ARTICLE XVII orders seizure of goods that are offered for sale by slaves without permission or mark.

ARTICLE XVIII orders officers of the Superior Council to give their advice about the provisions and the food to he furnished the slaves. It also forbids masters to give any kind of brandy in lieu of food and clothing.

ARTICLE XIX forbids masters to abstain from feeding and clothing their slaves, by permitting them to work for their own account on a certain day of the week.

ARTICLE XX authorizes slaves to give information against them masters, if not properly fed or clad, or if treated inhumanly.

ARTICLE XXI orders slaves disabled from working by old age, sickness, or otherwise, to be provided for by their masters, otherwise they shall be sent to the nearest hospital, to which the masters shall pay eight cents a day for each slave, and the hospital shall have a lien on the plantations of the masters.

ARTICLE XXII declares that slaves can have nothing that does not belong to their masters, in whatever way acquired.

ARTICLE XXIIII orders that masters be held responsible for what their slaves have done by their command.

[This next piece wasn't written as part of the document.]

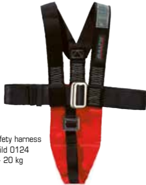
Safety harness Child 0124 3 - 20 kg

ARTICLE XXIV forbids slaves from exercising public functions, from serving as arbitrators or experts, from giving testimony except in default of white people, and from ever serving as witnesses for or against their masters.

ARTICLE XXV forbids slaves from being parties to civil suits or complainants in criminal cases. Their masters shall act for them in civil cases and demand reparation or punishment for outrages and excesses committed against them.

ARTICLE XXVI orders prosecution of slaves in criminal cases in the same manner as for free persons, with exceptions hereafter mentioned.

ARTICLE XXVII Any slave who shall have struck his master, his mistress, or the husband of his mistress, or their children, so as to produce a bruise or shedding of blood in the face, shall be put to death.

ARTICLE XXVIII Outrages or acts of violence against free persons committed by slaves shall be punished with severity, and even with death if the case require it.